● AIM OF THE EXERCISE:
Pictures are to be left out, and only the lines below starting at the one with "Pies w czapeczce" and ending at the one with "VP of Autopilot" are to be reproduced, each exactly, both ends included.

● THE DATA:
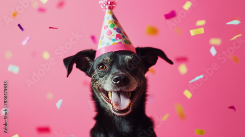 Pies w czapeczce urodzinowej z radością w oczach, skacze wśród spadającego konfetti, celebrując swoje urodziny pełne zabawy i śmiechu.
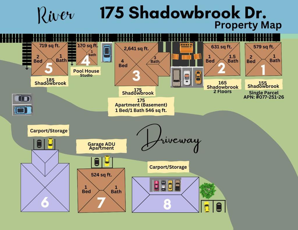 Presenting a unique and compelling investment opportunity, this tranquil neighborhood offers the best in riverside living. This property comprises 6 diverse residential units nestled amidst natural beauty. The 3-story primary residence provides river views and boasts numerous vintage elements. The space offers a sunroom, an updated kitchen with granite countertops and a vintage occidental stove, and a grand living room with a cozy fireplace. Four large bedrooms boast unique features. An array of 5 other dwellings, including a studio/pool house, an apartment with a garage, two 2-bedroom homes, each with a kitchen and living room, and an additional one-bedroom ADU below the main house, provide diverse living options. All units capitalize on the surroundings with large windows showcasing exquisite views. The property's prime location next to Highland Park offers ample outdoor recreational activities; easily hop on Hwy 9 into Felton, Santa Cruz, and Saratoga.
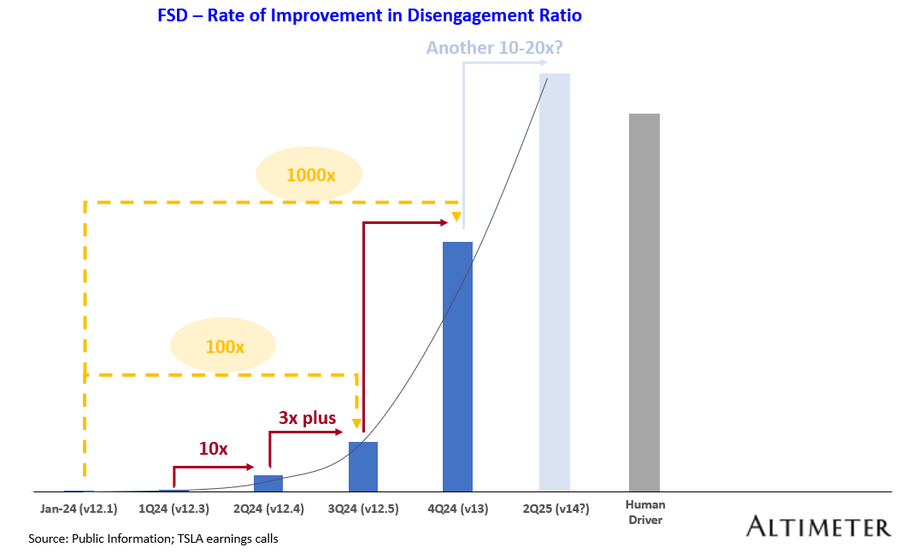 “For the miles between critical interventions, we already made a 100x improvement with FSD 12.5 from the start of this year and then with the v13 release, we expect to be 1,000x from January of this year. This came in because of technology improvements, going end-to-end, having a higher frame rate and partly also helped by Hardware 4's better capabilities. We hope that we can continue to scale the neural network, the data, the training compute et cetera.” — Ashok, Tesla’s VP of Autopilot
--
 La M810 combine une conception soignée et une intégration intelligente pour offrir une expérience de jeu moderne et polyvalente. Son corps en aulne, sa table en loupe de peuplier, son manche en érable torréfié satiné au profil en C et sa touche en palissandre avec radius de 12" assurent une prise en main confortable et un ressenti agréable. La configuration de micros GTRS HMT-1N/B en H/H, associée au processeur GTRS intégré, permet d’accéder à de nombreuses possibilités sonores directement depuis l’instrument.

● RESPONSE TO THE TASK:
 Pies w czapeczce urodzinowej z radością w oczach, skacze wśród spadającego konfetti, celebrując swoje urodziny pełne zabawy i śmiechu.
 Presenting a unique and compelling investment opportunity, this tranquil neighborhood offers the best in riverside living. This property comprises 6 diverse residential units nestled amidst natural beauty. The 3-story primary residence provides river views and boasts numerous vintage elements. The space offers a sunroom, an updated kitchen with granite countertops and a vintage occidental stove, and a grand living room with a cozy fireplace. Four large bedrooms boast unique features. An array of 5 other dwellings, including a studio/pool house, an apartment with a garage, two 2-bedroom homes, each with a kitchen and living room, and an additional one-bedroom ADU below the main house, provide diverse living options. All units capitalize on the surroundings with large windows showcasing exquisite views. The property's prime location next to Highland Park offers ample outdoor recreational activities; easily hop on Hwy 9 into Felton, Santa Cruz, and Saratoga.
 “For the miles between critical interventions, we already made a 100x improvement with FSD 12.5 from the start of this year and then with the v13 release, we expect to be 1,000x from January of this year. This came in because of technology improvements, going end-to-end, having a higher frame rate and partly also helped by Hardware 4's better capabilities. We hope that we can continue to scale the neural network, the data, the training compute et cetera.” — Ashok, Tesla’s VP of Autopilot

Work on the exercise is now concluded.